▼▼▼

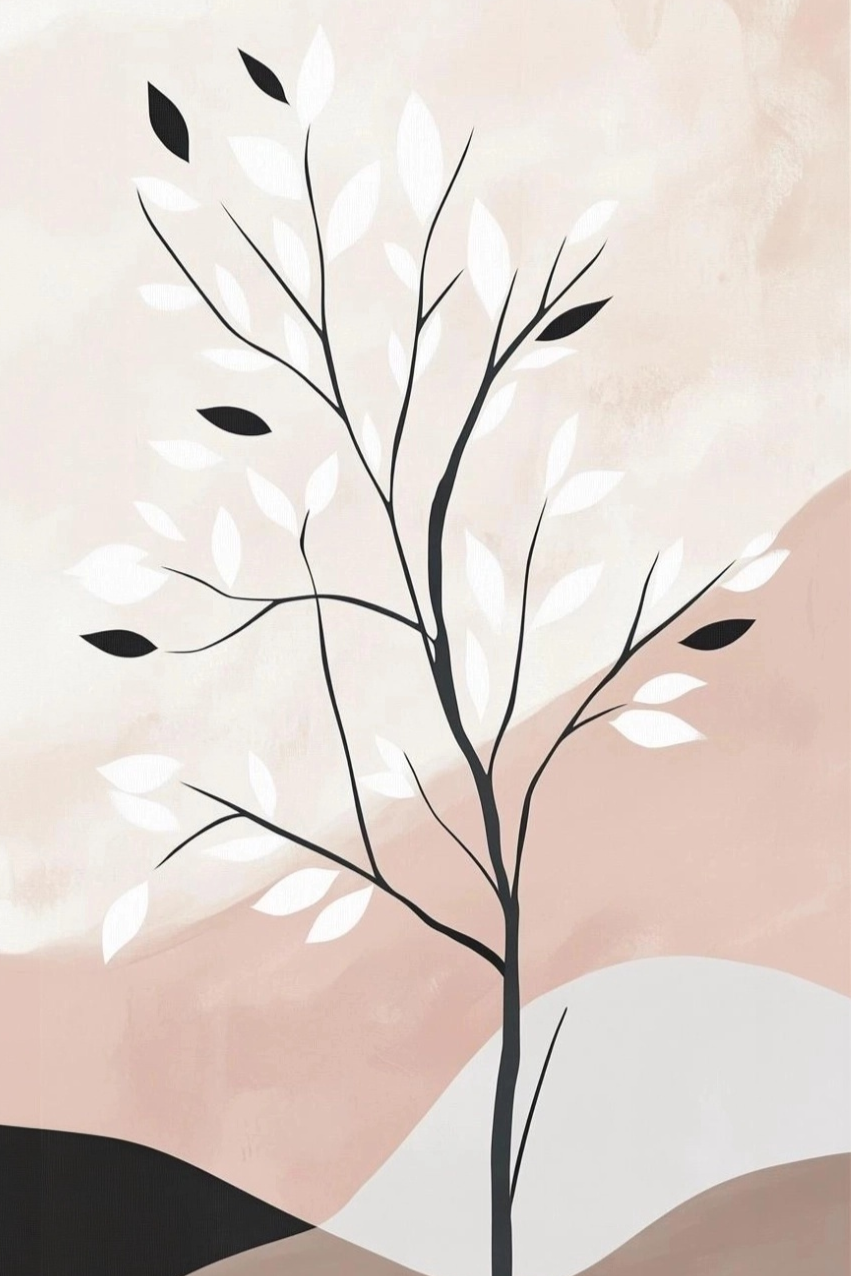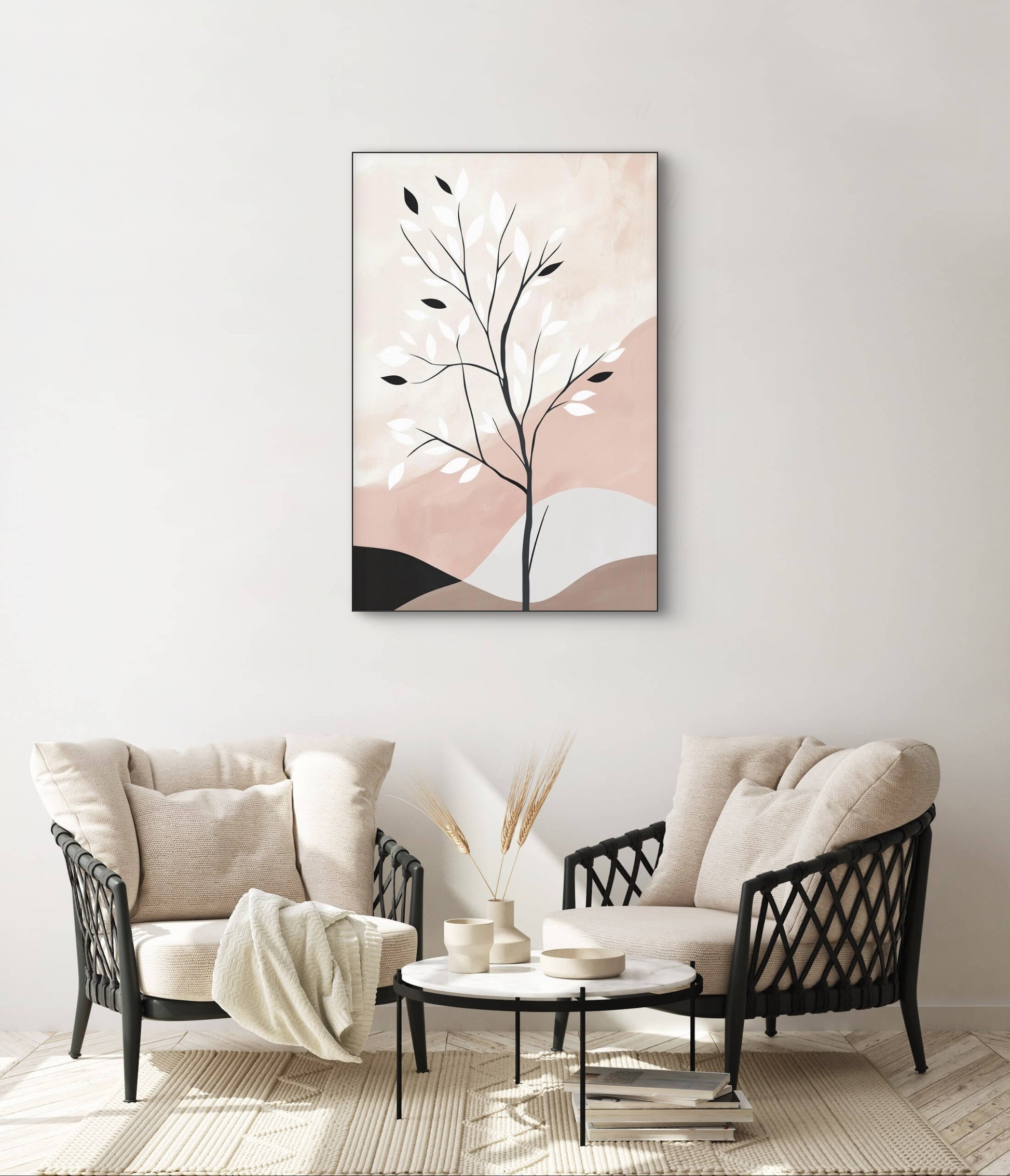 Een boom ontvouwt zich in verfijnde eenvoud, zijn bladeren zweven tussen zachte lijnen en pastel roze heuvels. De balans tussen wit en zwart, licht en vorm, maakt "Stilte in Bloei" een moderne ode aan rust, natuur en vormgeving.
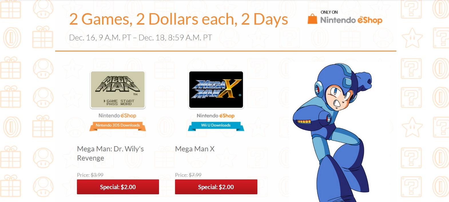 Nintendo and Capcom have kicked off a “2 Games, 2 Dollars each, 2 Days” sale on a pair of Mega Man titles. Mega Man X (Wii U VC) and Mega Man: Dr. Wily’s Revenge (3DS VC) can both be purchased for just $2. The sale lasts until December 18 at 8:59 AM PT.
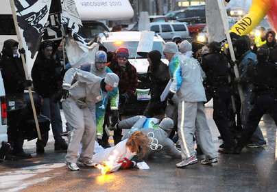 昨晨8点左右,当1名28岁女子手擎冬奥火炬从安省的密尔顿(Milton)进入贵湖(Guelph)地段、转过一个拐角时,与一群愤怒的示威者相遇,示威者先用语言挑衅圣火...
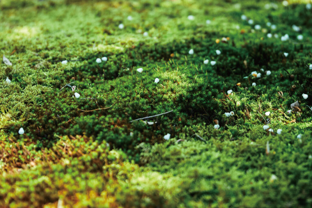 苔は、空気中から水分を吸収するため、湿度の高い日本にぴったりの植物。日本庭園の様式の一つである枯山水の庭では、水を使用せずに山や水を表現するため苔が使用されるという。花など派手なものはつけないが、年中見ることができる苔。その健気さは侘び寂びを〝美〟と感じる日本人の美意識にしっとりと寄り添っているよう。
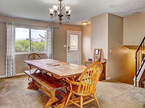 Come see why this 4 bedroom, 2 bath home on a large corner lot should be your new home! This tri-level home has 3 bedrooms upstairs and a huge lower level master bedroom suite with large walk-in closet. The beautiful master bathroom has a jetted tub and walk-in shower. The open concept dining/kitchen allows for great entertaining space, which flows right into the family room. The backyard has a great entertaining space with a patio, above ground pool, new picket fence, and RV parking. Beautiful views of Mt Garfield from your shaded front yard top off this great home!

▲▲▲

With the pictures omitted, restate word for word the lines above from the line that has "Nintendo and Capcom" up to and including the line that has "昨晨8点左右,当1名28岁女", and no other lines.

## Result of the exercise
 Nintendo and Capcom have kicked off a “2 Games, 2 Dollars each, 2 Days” sale on a pair of Mega Man titles. Mega Man X (Wii U VC) and Mega Man: Dr. Wily’s Revenge (3DS VC) can both be purchased for just $2. The sale lasts until December 18 at 8:59 AM PT.
 昨晨8点左右,当1名28岁女子手擎冬奥火炬从安省的密尔顿(Milton)进入贵湖(Guelph)地段、转过一个拐角时,与一群愤怒的示威者相遇,示威者先用语言挑衅圣火...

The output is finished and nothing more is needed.